As for my friend who looked, sounded, and behaved like an extra on Game of Thrones: why didn’t he trigger my misophonia, just my quotidian politeness expectations? Scroll back up to the graph that featured the responses to different sounds, and you’ll see that yawning, sneezing, and hiccups—all relatively involuntary—tended to cause less negative responses. None of these are considered as impolite as burping, but my expectation is that if it was tested, it would fall somewhere in between yawning and loud chewing.
Moreover, my own experience with misophonia has changed significantly over time. The triggers haven’t lessened, but the space between trigger and response feels much larger. Part of this is that I’ve developed what I’d call a meta-awareness of the absurdity of my own predicament, the cosmic joke of whatever karma got me here, such that I’ve learned not to associate the shudder that runs through my body as my own. But I suspect, next time I go back, it might actually be a little worse: misophonia is learned, after all, and maybe I was just in the window of grace in which that association has yet to be neurally cemented.
Perhaps, though, that grace was something else entirely.
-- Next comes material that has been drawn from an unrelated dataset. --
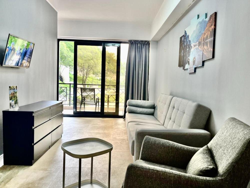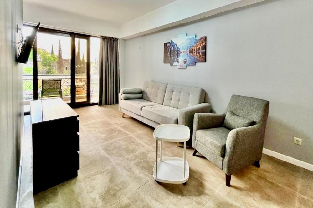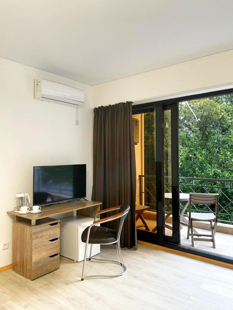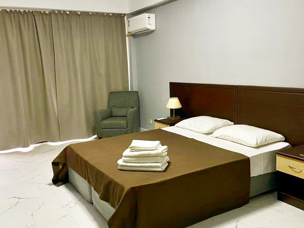 Апартаменты-студия — (вместимость до 5 человек) — в номере своя кухня (варочная панель, холодильник, чайник, посуда), кабельное тв, сушилка для белья, фен, кондиционер.

If you buy Plutchik’s theory, you cannot simultaneously feel two emotions that are arranged opposite from each other. What’s the opposite of disgust and loathing? Acceptance, trust, and admiration. Which, you have to hand it to him: 40 burps is impressive.
Jake Eaton is the managing editor of Asterisk Magazine and author of Anzalogue.
Uggh, the moist sounds! It is very hard to have compassion at a silent retreat with all that breathing! Or mindful eating? Forget it. I am curious what you mean about “misophonia is learned?”. I only realized it was a thing when my son developed it at 11. I’m also pretty sure my father had it. I thought it was an inherited neurological condition.
I find it interesting that my misophonia of slurping or other eating sounds is confined to humans. My dogs or any dogs that I hear making eating noises I have no problem with and even enjoy.